I second that motion.  Of course, might just be a shameless bump!!!


----------



## duncsuss (Nov 20, 2014)

JDennis said:


> mredburn said:
> 
> 
> > Thats it you can close the doors and call it done.  No reason to let anyone else in on this.  No siree Bob, no reason to take anymore orders!
> ...



:biggrin:


----------



## dansills (Nov 20, 2014)

Plug tap for me please.  Sorry for the delay, I thought the buy was open until next week.


----------



## manik (Nov 21, 2014)

Sorry I missed seeing this thread start.
If still open, then I would like a plug tap please.
Thanks


----------



## duncsuss (Nov 21, 2014)

dansills said:


> Plug tap for me please.  Sorry for the delay, I thought the buy was open until next week.





manik said:


> Sorry I missed seeing this thread start.
> If still open, then I would like a plug tap please.
> Thanks



Absolutely, gents -- a plug tap for you both


----------



## Mintman (Nov 22, 2014)

I'd like a plug tap if it's still open.


----------



## duncsuss (Nov 22, 2014)

Mintman said:


> I'd like a plug tap if it's still open.



You got it :biggrin:


----------



## duncsuss (Nov 22, 2014)

Folks, we are now at 30 pieces.

Everyone who expressed interest during the Group Pruchase Research phase has signed up in this thread, as have several more.

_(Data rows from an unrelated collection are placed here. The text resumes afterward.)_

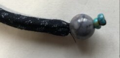 中綿を入れ、男絣の着物で作ったループを付け、ループの先にアクアマリンの玉とトルコ石を付けています。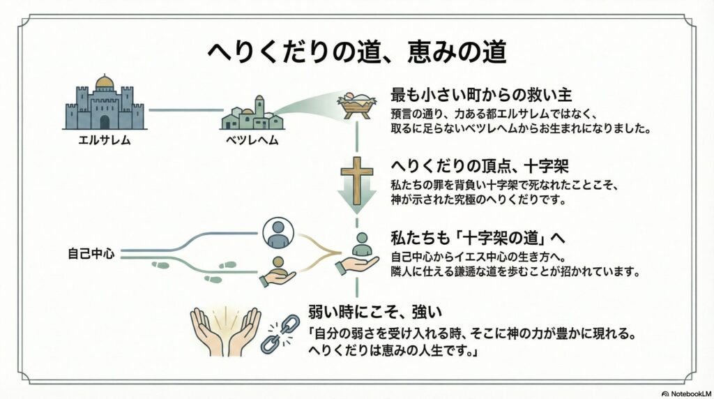 取るに足らない村から生まれるという事実は、救い主の生涯を貫くテーマの、壮大な序章に過ぎませんでした。第二の洞察は、彼の本質が「謙り(へりくだり)」という概念に集約される点です。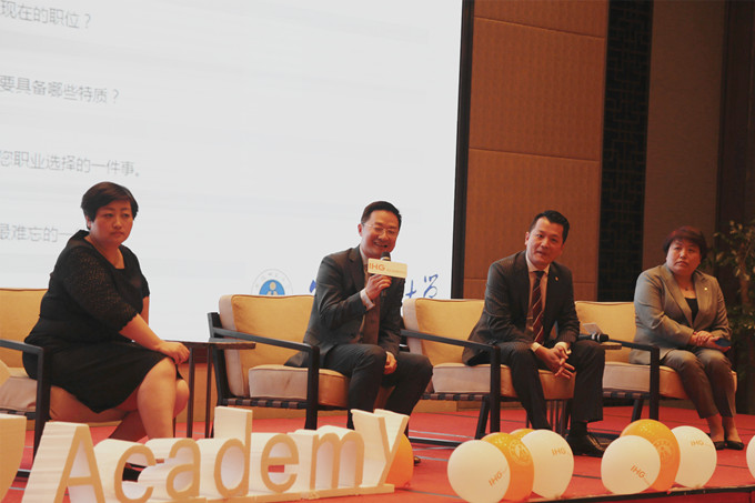 讲坛”环节中,芜湖华邑酒店总经理郭方、上海国家会展中心洲际酒店驻店经理许琳、杭州洲际酒店驻店经理杜林、上海瑞金洲际酒店人力资源总监胡杨青四位集团酒店领导分别围绕“实习”、“考研”、“就业”、“职业发展路径”等问题进行现场经验分享,为学员们答疑解惑。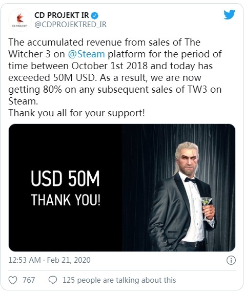 简而言之, 在这三年时间内,《巫师3》又获得了5000万美元的收入,这也说明了该作魅力是多么大。现在CDPR可以从《巫师3》后续销售收入中获得80%的收益了。而Steam销售默认抽成是30%,这意味着Steam对《巫师3》销售抽成下调至20%了。
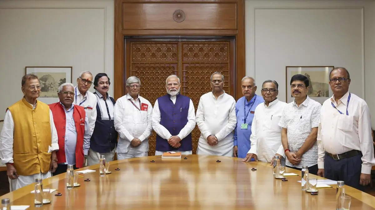 प्रधान मंत्री नरेंद्र मोदी 24 अगस्त को नई दिल्ली में अपने आवास पर केंद्र सरकार के कर्मचारियों के लिए संयुक्त सलाहकार मशीनरी के एक प्रतिनिधिमंडल से मुलाकात करते हैं। फोटो साभार: पीटीआई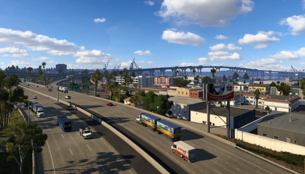 玩家扮演的卡车司机从加州开始接单,新手出生在美国南方边境最西端的圣迭戈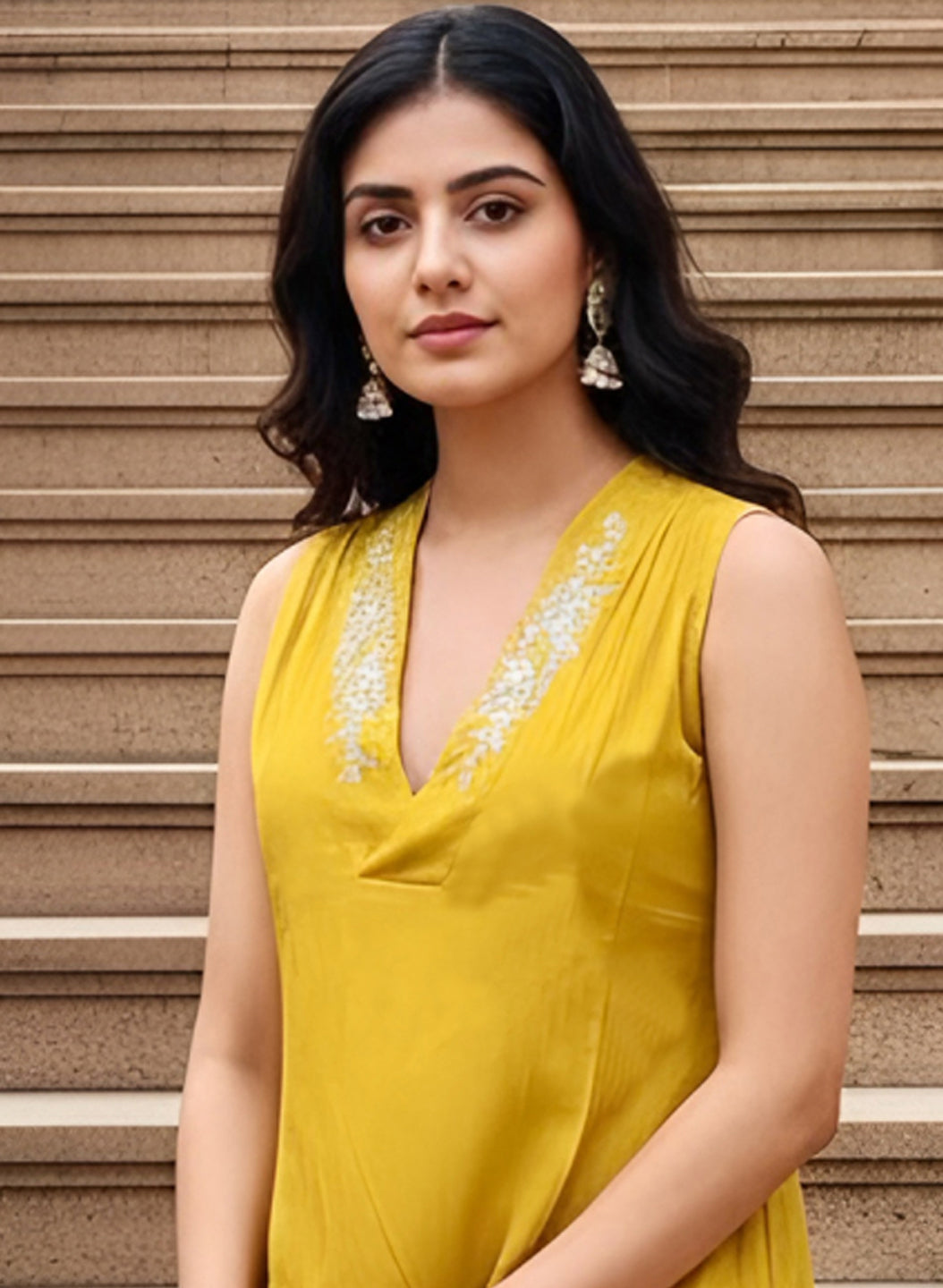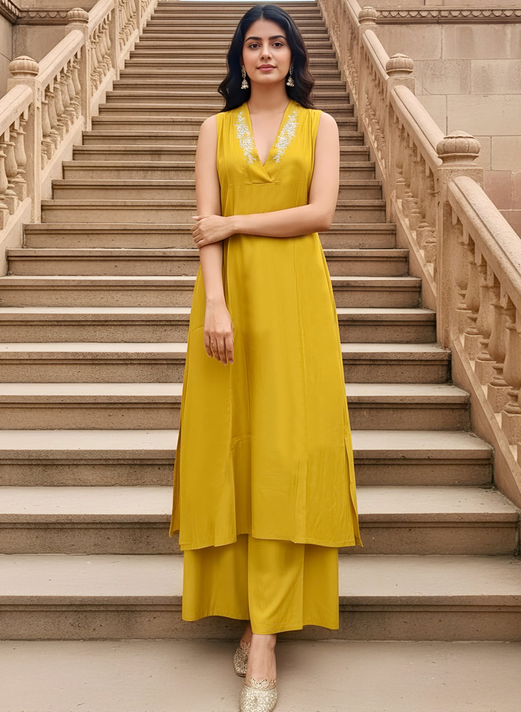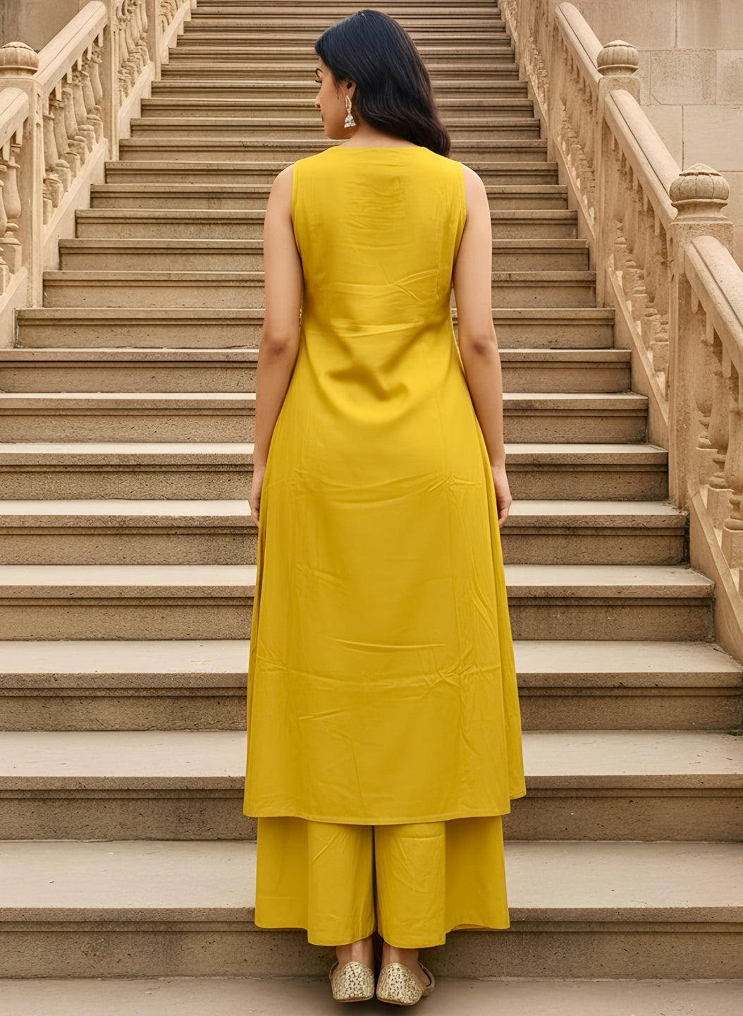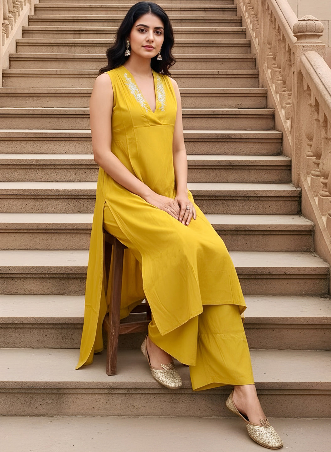 Elevate your ethnic wardrobe with this striking tangy yellow co-ord set, expertly crafted for the modern woman. The A-line silhouette flatters all body types while the sleeveless design ensures breathability and comfort. Intricate embroidery and meticulous hand work create visual depth and sophistication, transforming this set into a statement piece perfect for festive occasions, celebrations, or elevated casual wear. The coordinated top and bottom combination offers versatile styling options while maintaining a cohesive, polished aesthetic. Ideal for those who appreciate traditional craftsmanship blended with contemporary fashion sensibilities.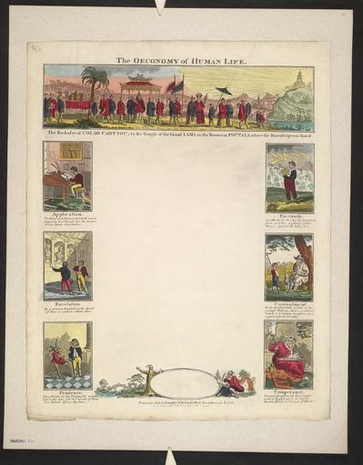 | Keywords: Bodleian Libraries, Oeconomy of human life.jpg Writing blank entitled The oeconomy of human life; pencil annotation at top left 2/6 single sheet; 478 x 384 mm; paper exhibition history Embassy of Colao Caotsou to the Temple of the Grand Lama on the Mountain Poutala where the manuscript was found; Application The hand of diligence defeateth want prosperity and success are the industrious man's attendance; Fortitude As a rock in the sea he standeth firm and the dashing of the waves disturbeth him not; Emulation By a virtuous emulation the spirit of man is exalted within him; Contentment To be satisfied with a little is the greatest wisdom and a contented mind is a hidden treasure and a guard from trouble; Prudence Put a bridle on thy tongue for a guide before thy lips lest the words of thine own mouth destroy thy peace; Temperance The nearest approach thou canst make to happiness is to enjoy health wisdom peace of mind; object history object type Licensed-PD-Art PD-old-100 cc-by-4 0 place of creation London England place of discovery http //digital bodleian ox ac uk/inquire/p//9a04cdcb-2bc4-46e5-b18b-7f77b2281c1d Digital Bodleian Template John Johnson Oeconomy of human life Uploaded with GWToolset Bodleian Libraries Oeconomy of human life http //iiif bodleian ox ac uk/iiif/image/9a04cdcb-2bc4-46e5-b18b-7f77b2281c1d/full/ 1000 1000/0/default jpg Files uploaded by the Bodleian Libraries' Wikimedian In Residence Writing blanks Desks Reading Globes Lighting Sculptures Country life Fools and jesters Hermits Caves Parades and processions Temples in art busts |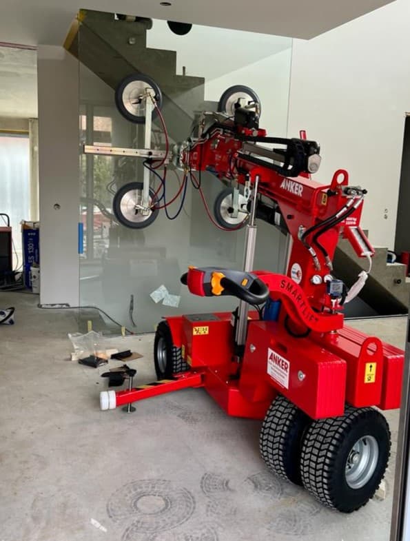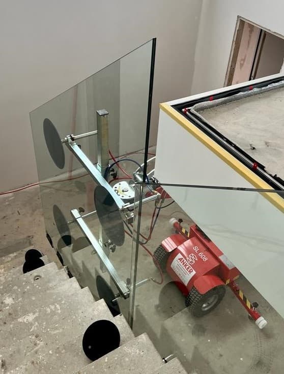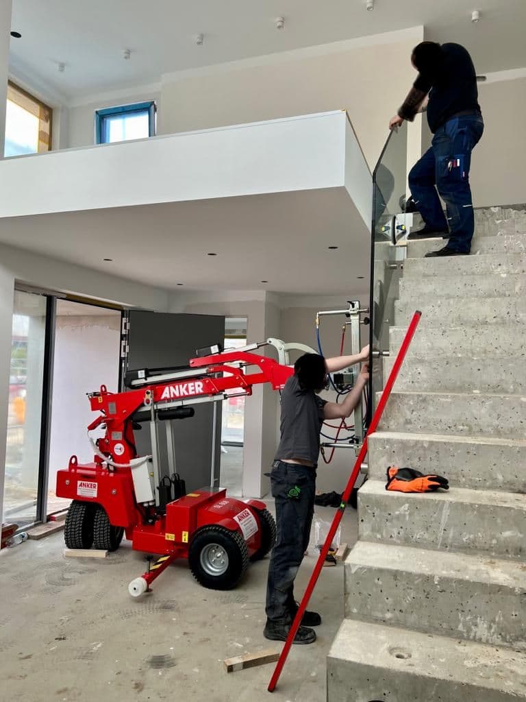 Anker's specialized advisors were tasked with finding a lifting machine for a customer who needed to install glass coverings in a stairwell. This is a unique environment with very little space for equipment and even less space for installers, who would otherwise have to lift the large glass pieces into the stairwell and maneuver the heavy construction elements into place manually.

Anyone object if I close the sign-up tomorrow evening? I'll then be able to work out how much each person has to pay into the kitty and there will be a few days for the settling-up process, the target being to have all the bills paid before the turkey messes with everybody's heads :biggrin:

Those folks who live outside the USA, please think about the type of shipping you'd prefer.

Here's the sign-up chart: please correct me if I have your order wrong.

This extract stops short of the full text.